Petro Rychlo lernte ich in Czernowitz bereits 1999 kennen, und wir sind seitdem befreundet und arbeiten zusammen. Auch sprechen wir über schöpferische Kraft der Gedichte in ihrem Dialog mit den Bildern. Petro Rychlo hat die Bukowiner Dichtung zur ungefähr gleichen Zeit entdeckt, und so entstand unsere schöpferische Zusammenarbeit.

In Ihrem Kulturprojekt „Bukowinisch-Galizische Literaturstraße“ geht es hauptsächlich um Denkmäler, die in den Geburtsorten der Dichterinnen und Dichter aufgestellt wurden.

H. v. L.: Das Projekt kam nur zustande, weil wir uns vorher lange ausgetauscht haben. So etwas fällt nicht vom Himmel. Bei einem der vielen Gespräche kamen wir darauf. In Buczacz ist Samuel Joseph Agnon geboren, der zusammen mit Nelly Sachs 1966 den Nobelpreis erhielt. Es gab bis dahin in dieser Kulturlandschaft keine Denkmäler deutschjüdischer Autoren. Freunde aus Regensburg stifteten das erste Denkmal. Dann haben wir unsere genaue Landkarte der Ukraine zur Hand genommen und festgestellt, dass diese Orte, wo die meisten Dichter und Schriftsteller in Galizien und in der Bukowina geboren und aufgewachsen sind, nicht so weit voneinander lebten und haben eine verbindende rote Linie gezogen. Dann nahm ich Kontakt zum Auswärtigen Amt auf, richtig begeistert. Wir konnten dann bei dem heutigen Antisemitismusbeautftragten für die Bundesrepublik Deutschland Dr. Felix Klein einen Antrag stellen der bald positiv bewertet wurde.

Die ukrainischen Menschen, die ukrainischen Städtchen und Dörfer sollen über ihr kulturelles Vermächtnis durch die neu entdeckten Biographien und literarische Werke mehr erfahren. Oft war es schwierig die Bürgermeister von der Bedeutung dieses  kulturellen Erbes zu überzeugen.

Bildhauerwerke mit Konterfeis der dort geborenen Künstler sind in den Geburtsorten aufgestellt worden. Die Menschen in den Ortschaften erfuhren nun durch die Idee von Helga von Loewenich und Petro Rychlo, welche literarischen Größen in ihrem Dorf oder ihrer Stadt geboren wurden. Sie werden sich in die ins Ukrainische übersetzten Texte einlesen, über das Leben der Dichter, deren Lyrik oder Prosatexte mehr erfahren, auch wohin sie aus ihrem Dorf in andere Landschaften oder gar andere Länder geflüchtet sind und nie mehr heimkehrten. Doch die geschriebenen Verse und Geschichten sind geblieben.

In der Carmerstraße in Berlin – Charlottenburg stellen  Helga von Loewenich und  Dr. Petro Rychlo an einem Abend am 18. Juli 2023 die im Buch beschriebenen Schriftstellerinnen und Schriftsteller und die Orte ihrer Geburt oder ihres Lebens in der Bukowina und nördlicher bis Galizien vor.

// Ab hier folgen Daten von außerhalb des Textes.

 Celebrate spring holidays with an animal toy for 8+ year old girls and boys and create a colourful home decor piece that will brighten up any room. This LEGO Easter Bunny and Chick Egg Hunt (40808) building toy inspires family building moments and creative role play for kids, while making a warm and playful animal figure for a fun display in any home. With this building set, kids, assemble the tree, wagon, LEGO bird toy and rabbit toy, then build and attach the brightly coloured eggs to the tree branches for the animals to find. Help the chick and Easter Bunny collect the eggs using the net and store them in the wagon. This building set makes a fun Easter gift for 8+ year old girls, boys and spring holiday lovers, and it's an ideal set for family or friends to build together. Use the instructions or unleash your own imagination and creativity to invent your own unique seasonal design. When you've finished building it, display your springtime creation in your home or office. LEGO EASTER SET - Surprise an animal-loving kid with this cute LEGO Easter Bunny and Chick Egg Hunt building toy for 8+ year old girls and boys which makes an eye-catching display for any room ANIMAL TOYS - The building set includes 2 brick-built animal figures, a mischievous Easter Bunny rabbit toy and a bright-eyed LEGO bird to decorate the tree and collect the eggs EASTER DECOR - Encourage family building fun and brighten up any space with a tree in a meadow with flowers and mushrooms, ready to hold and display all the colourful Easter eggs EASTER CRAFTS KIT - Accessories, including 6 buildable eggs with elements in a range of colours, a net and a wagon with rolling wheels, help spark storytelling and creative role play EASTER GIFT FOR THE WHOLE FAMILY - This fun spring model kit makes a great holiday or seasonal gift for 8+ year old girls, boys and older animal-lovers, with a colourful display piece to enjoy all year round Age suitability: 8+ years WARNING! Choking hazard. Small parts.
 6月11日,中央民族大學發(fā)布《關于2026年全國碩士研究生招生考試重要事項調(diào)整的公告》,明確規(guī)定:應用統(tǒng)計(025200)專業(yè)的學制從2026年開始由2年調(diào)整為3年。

Auch über Schwierigkeiten vor Ort, Diskussionen und/oder Fürsprache von dort zuständigen Personen erzählen sie, lassen uns teilhaben an ihrem großartigen Projekt. Wir hörten über Paul Celan, Rose Ausländer, Gregor von Rezzori und Selma Meerbaum-Eisinger aus Czernowitz. Weiter ging es mit Aharon Appelfeld aus Stara Jadova und Manes Sperber aus Zablotow, mit Alexander Granach aus Werbiwci und Samuel (Schmuel) Josef Agnon aus Butschatsch, und weiter mit Karl Emil Franzos aus Czortkow. Dann wurde über Soma Morgenstern aus Budaniw erzählt und Hermann Kesten aus Podwolotschysk, über Salcia Landmann aus Schowkwa und am Ende über Joseph Roth aus Brody.

Das Vorwort in diesem informativen, sehr schön gestalteten literarischen Reiseführer, schrieb begeistert Dr. Frank-Walter Steinmeier, der Präsident der Bundesrepublik Deutschland, auch finanzierte das Auswärtige Amt dieses Projekt und den Druck des Buches.

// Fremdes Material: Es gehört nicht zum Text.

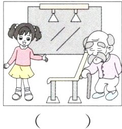 ( )2. A. Please sit here, grandma. B. Please take my seat, grandpa.

Nehmen Sie das Buch unter den Arm und nehmen Sie es mit in den Osten Europas, würde ich vorschlagen. In diesen Kriegszeiten eine kaum  vorstellbare Reise. Doch kaufen sollten Sie dieses Buch auf jeden Fall, die Landkarte der Ukraine aufschlagen und die beschriebenen Städte und Dörfer suchen und die ganz besonderen Texte der Poeten lesen. Eine Reise mit dem Finger auf der Landkarte wird ein Erlebnis für Sie werden.

Helga von Loewenich/Petro Rychlo: Bukowinisch-Galizische Literaturstraße. Dokumentation zu einem deutsch-ukrainischen Kulturprojekt, ISBN 978-617-614-389-5, 2022 Printed in Ukraine, Euro 20,00.